Associated Spectral and Temporal State Transition of the bright ULX NGC1313 X-1

TL;DR

This study analyzes two different spectral and temporal states of the ULX NGC 1313 X-1, revealing distinct accretion disk geometries and spectral properties that resemble but also differ from Galactic black hole systems.

Contribution

The paper provides the first detailed analysis of spectral and temporal state transitions in NGC 1313 X-1, linking observed states to specific accretion disk geometries.

Findings

High flux state shows strong variability and a different spectral shape.

Low flux state is consistent with a truncated accretion disk model.
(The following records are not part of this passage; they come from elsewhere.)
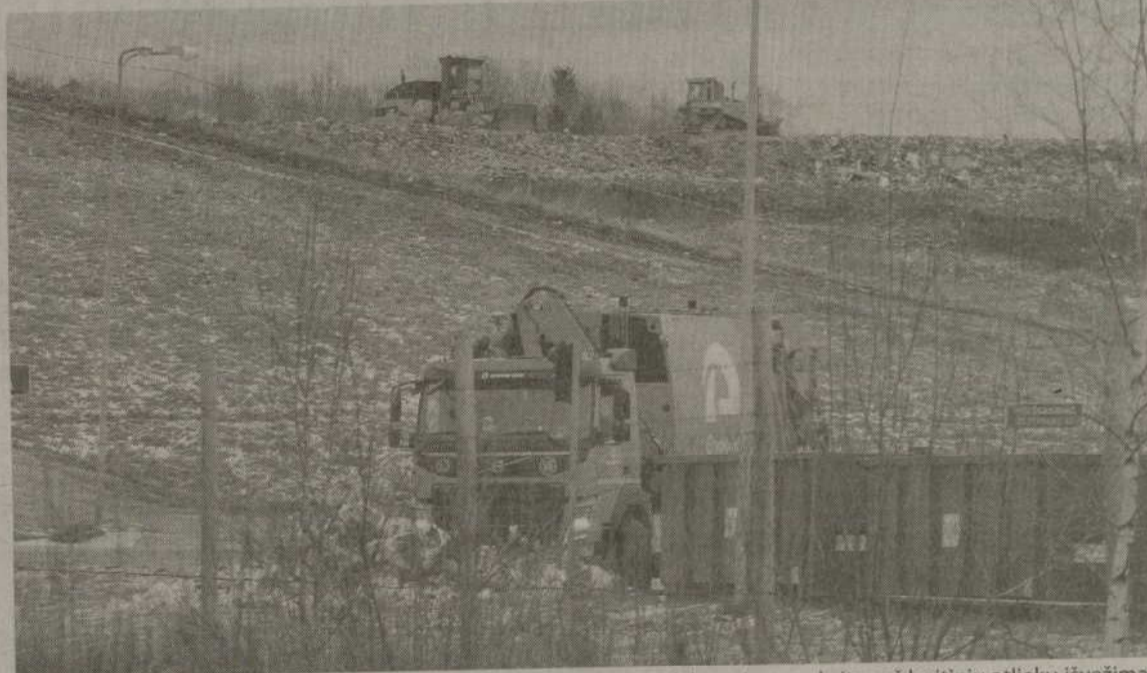
Šiaulių regiono atliekų tvarkymo centras jau pateikė popierines ir elektronines sąskaitas už buitinių atliekų išvežimą.
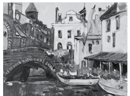
ベルギー風景 6号 油彩・キャンバス
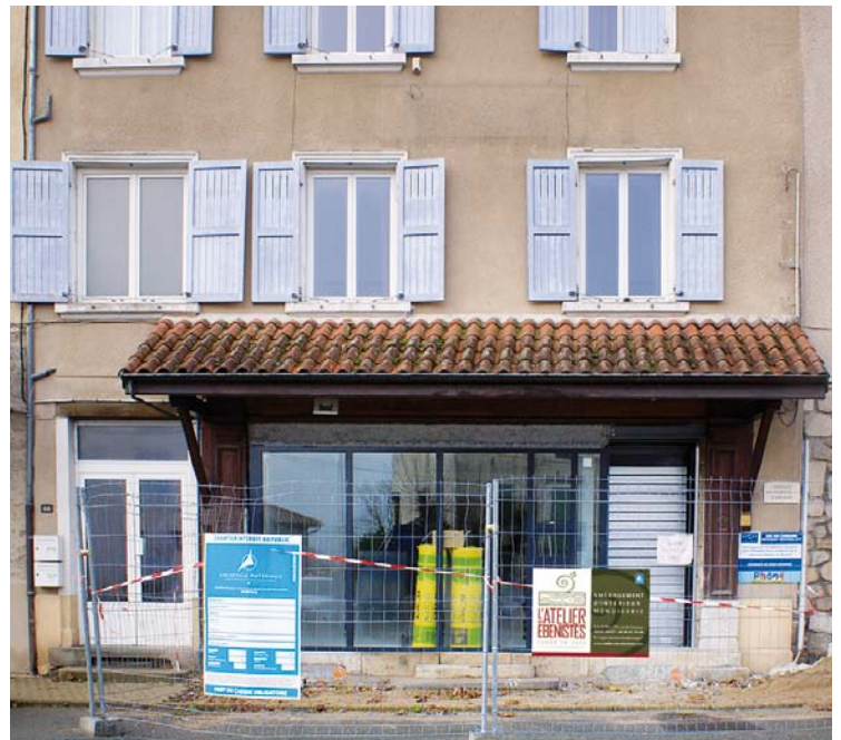
▲ La nouvelle pharmacie en chantier.

Pour tout renseignement, n'hésitez pas à contacter votre Maire délégué ou le secrétariat de la Mairie de Deux-Grosnes. ■
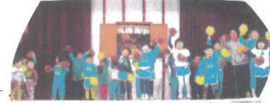
↑クラスでしかりと練習した。

今回は、発表会で「くーおきほー」とバナナの」をホールで発表しました。発表前は、クラスで練習をするとき久しぶりに集まって手遊びと体操をしました。しかしと覚えていた子どもたち、「くーおきほー」と大きな声を出したり、笑顔で体操を踊ったり、本番に向けて気分をあげていました。ホールでは、沢山見ている前で緊張する姿や恥ずかかっている子どももいましたが、「いっしょによう」といたり、年上の子どもが手を繋いであげて一緒に舞台上に上がる姿もありました。沢山緊張したり、踊ったからか、クラスに戻るには、「お腹減った!」と言ってみんなあーという間に給食を食べていました、本山
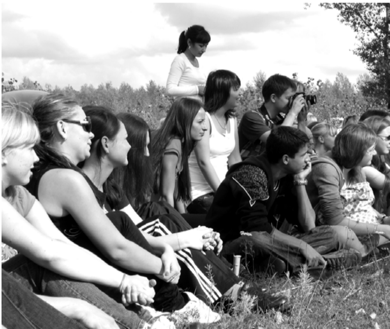
Битва вызвала живейший интерес зрителей
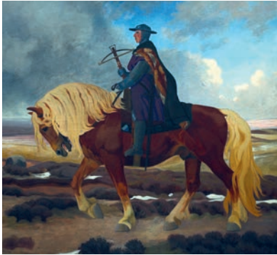
Agnes Slott-Møller, Niels Ebbesen 1893-1894, Randers Kunstmuseum
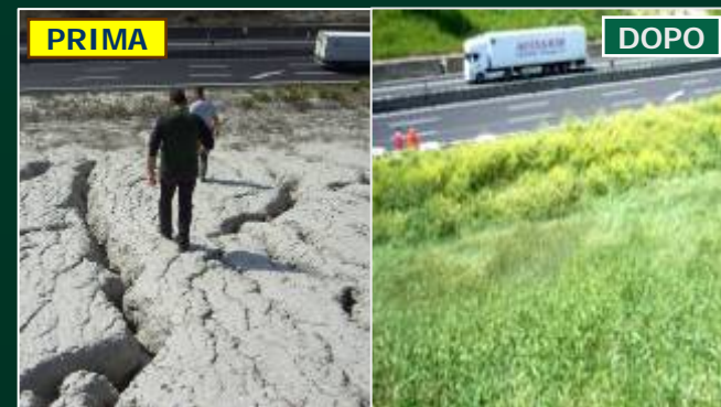
AUTOSTRADE PER L'ITALIA SPA: A1 (NA-MI) Stabilizzazione di un versante in argille plioceniche
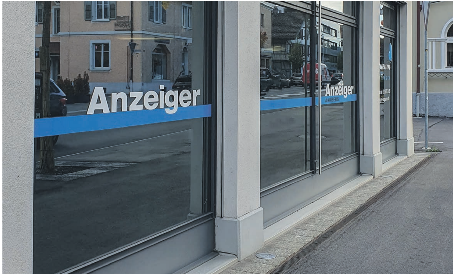
Das Büro des Anzeiger Büren und Anzeiger Aarberg in Lyss.

Die Bilder werden bei genügend Platz publiziert.
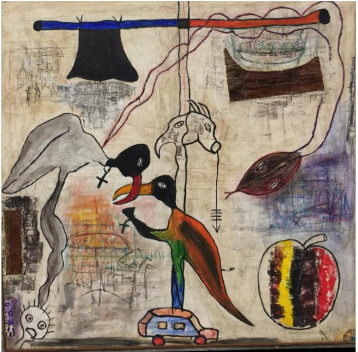
Les amoureux - acrylique, pastel fusain, pigment sur papier toile - 150x150cm. 2015 Collection Louis de Strycker
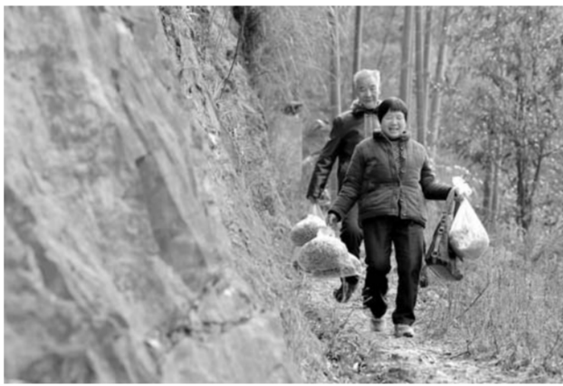
▲江西萍乡市湘东区广寒寨乡江山村村民拿着年货行走在山路上(2月8日摄)。
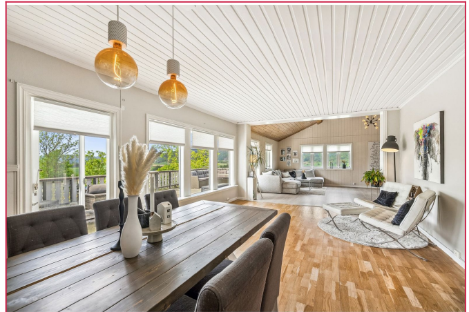
Stue og spisestue med god takhøyde og store vinduer!
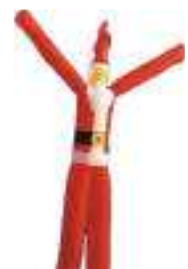
figura a 2 gambe 10 m. babbo natale
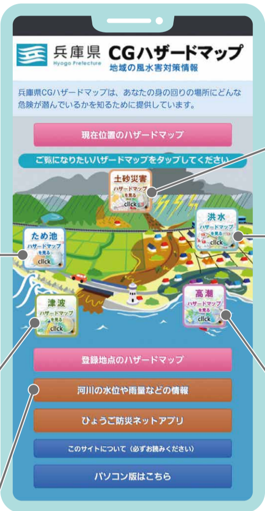
《スマートフォン版》
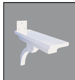
Support de la boîte à lettres

Étape 7: Selon la taille de la boîte à lettres (elle n'est pas incluse) qu'elle soit de taille standard ou grand format, la plateforme de support de la boîte à lettres doit être positionnée à une hauteur de 38" à 43" à partir du sol. Centrez le support de la boîte à lettres sur le poteau de pierre agglomérée et percez dans les trous déjà existants sur le support de la boîte à lettres, dans la colonne de pierre agglomérée et dans le poteau de bois en utilisant une mèche de maçonnerie 9/64. Faites tenir avec 3 visse n° 10.
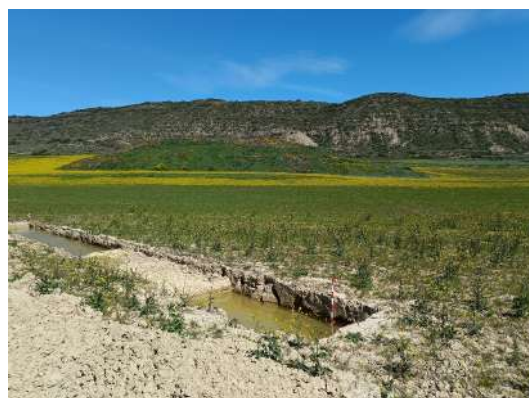
Vistas del sondeo n.º 3 inundado

Es por ello muy complicado poder establecer de forma fehaciente si se preserva algún tipo de estratigrafía relacionada con el yacimiento de Val de Uñesa.
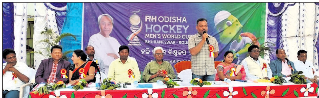
ଉଦ୍ଘାଟନା ସମାବେଶରେ ଅତିଥିବୃନ୍ଦ।

ବରଗଡ଼ ଜିଲ୍ଲା ଭବଳି ବ୍ଲକ୍ ଅନ୍ତର୍ଗତ ନୂଆଗଡ଼ ଲକ୍ଷ୍ମୀନାରାୟଣ ଉଦ୍ଘାଟନା ଖେଳ ପଡ଼ିଆରେ ଜିଲ୍ଲାସ୍ତରୀୟ ଯୋଗ, ଚେଷ୍ଟ ଓ କ୍ରିକେଟ ପ୍ରତିଯୋଗିତା ସୋମବାର ଉଦ୍ଘାଟିତ ହୋଇଛି।
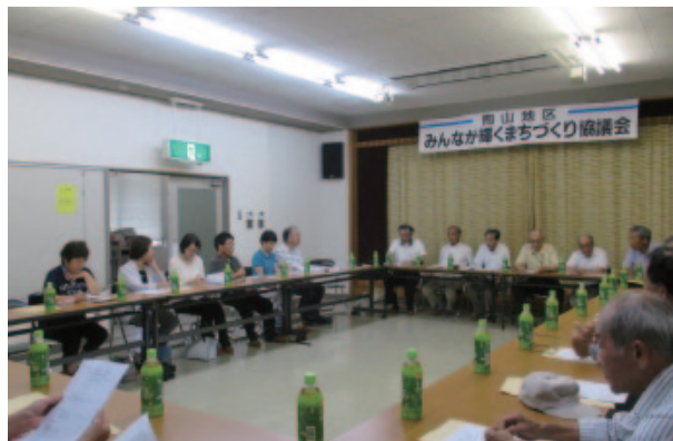
慎重に協議する代議員の皆様
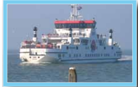
Da ist sie auch schon ...
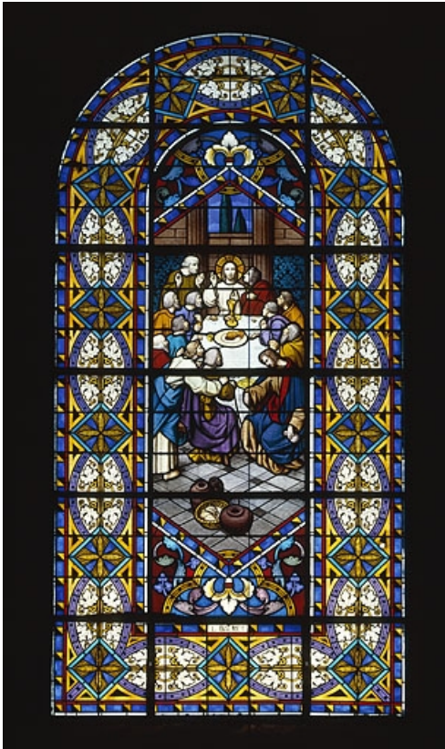
Baie 7 : la Cène, réalisée par L. Balmet au début du 20e siècle. 25, Mouthe
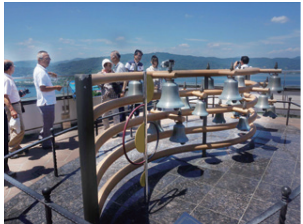
館山寺ロープウェイ展望台
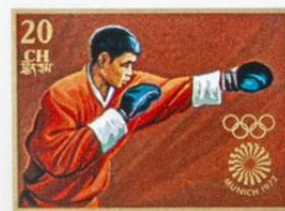
འབྲུག་ BHUTAN · འབྲུག་
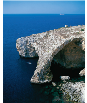
K08_004 CD-Rom: 08 Malta • Zurrieg • Blaue Grotte von Zurrieg
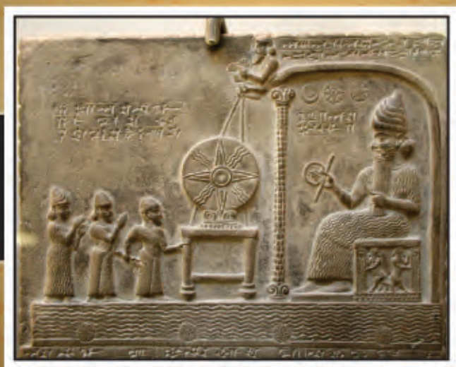
Sacerdotes rezando ante el símbolo del sol y Shamash.

Sin embargo, en ninguna parte de la Biblia se menciona a los cristianos que sostienen las manos con las palmas de las manos y los dedos apuntando hacia arriba, como se muestra en muchos cuadros o artefactos religiosos, como el de los sacerdotes babilónicos orados que rezan al dios sol Shamash alrededor del 888 a. C.
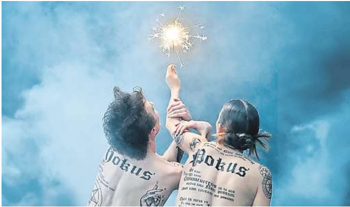
Magisch: Ballett „Hokus & Pokus“.
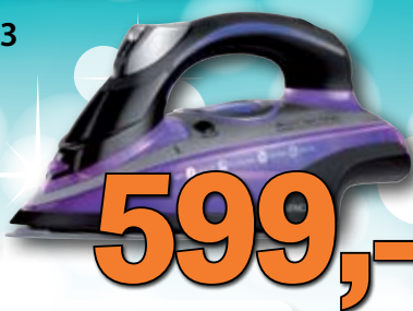
Napařovací žehlička Sencor 1 ks = 599,-
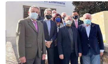
Las enfermeras andaluzas, comprometidas con la investigación
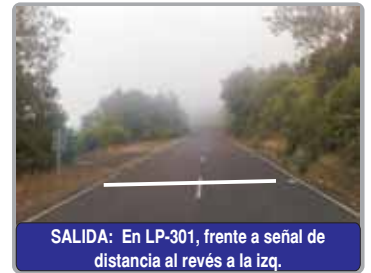
SALIDA: En LP-301, frente a señal de distancia al revés a la izq.

Spectral properties suggest a colder, optically thicker Comptonizing corona.

Abstract

(Abridged) Stellar mass black hole X-ray binaries exhibit X-ray spectral states which also have distinct and characteristic temporal properties. These states are believed to correspond to different accretion disk geometries. We present analysis of two long XMM-Newton observations of the Ultra-Luminous X-ray source (ULX) NGC 1313 X-1, which reveal that the system was in two different spectral/temporal states. With a count rate of 1.5 counts/s and a fractional variability amplitude of ~15%, the ULX was in a high flux and strongly variable state in March 2006. In October 2006, the count rate of the ULX had reduced by a factor of ~2 and the spectral shape was distinctly different with the presence of a soft component. No strong variability was detected during this low flux state with an upper limit on the amplitude < 3%. Moreover, the spectral properties of the two states implies that the accretion disk geometry was different for them. The low flux state is consistent with a model where a standard accretion disk is truncated at a radius of ~17 Schwarzschild radius around a ~200 Msun black hole. The inner hot region Comptonizes photons from the outer disk to give the primary spectral component. The spectrum of the high flux state is not compatible with such a geometry. Instead, it is consistent with a model where a hot corona covers a cold accretion disk and Comptonizes the disk photons. The variability as a function of energy is also shown to be consistent with the corona model. Despite these broad analogies with Galactic black hole systems, the spectral nature of the ULX is distinct in having a colder Comptonizing temperature (~2 keV) and higher optical depth (~15) than what is observed for the Galactic ones.